SOLUTIONS FOR OWNED ANIMALS THAT GO OUTSIDE

  1. Mandatory identification of cats. In addition to requiring that cats wear collars and tags, our community should consider implementing a back-up permanent identification system such as microchips.
  2. Mandatory rabies vaccinations for all cats more than three months of age.
  3. Mandatory sterilization of all free-roaming cats.
  4. An ongoing public education program that promotes responsible cat care.
  5. Subsidized sterilization services to encourage cat owners to sterilize their animals

SOLUTIONS FOR STRAY AND FERAL ANIMALS OUTSIDE

Trap-Neuter-Return (TNR) is a full management plan in which stray and feral cats already living outdoors in cities, towns, and rural areas are humanely trapped, then evaluated, vaccinated, and sterilized by veterinarians.
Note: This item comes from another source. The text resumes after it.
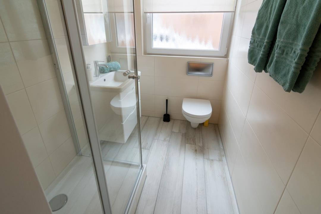 Im Schlafraum finden Sie für Ihre Nachtruhe zwei Einzelbetten mit den Maßen 80 x 200 vor. Ein kleiner Schrank bietet Raum für Ihre Garderobe. Das Badezimmer ist mit Dusche, einem WC sowie einer Waschkombination mit Spiegel ausgestattet. Die Waschmaschine finden Sie im Gemeinschaftswaschraum des Hauses. Diese steht Ihnen ebenfalls bei Bedarf kostenlos zur Verfügung.

Kittens and tame cats are adopted into good homes via the humane society.  Healthy adult cats too wild to be adopted are returned to their familiar habitat under the lifelong care of volunteers.  Feral cats will be eartipped so they are easily identifiable.

 

ADDITIONAL THOUGHTS

Since owned animals that are not fixed can lead to litters of unowned animals, spaying and neutering is critical.  Those who do not spay or neuter their pets are generally either (a) low income and cannot afford it or (b) are uneducated about pet overpopulation and thus unconcerned about sterilizing their animal.

* Low income families or students often are renters.  The city should encourage landlords or rental companies to require the spaying and neutering of animals.  A sterilized animal has much fewer behavioral problems (e.g., spraying) and would ultimately benefit the property owner.

* The humane society does not have a mandatory sterilization policy for adopted animals.  Perhaps this issue needs to be addressed to ensure that the shelter does not continue to add to the problem unintentionally.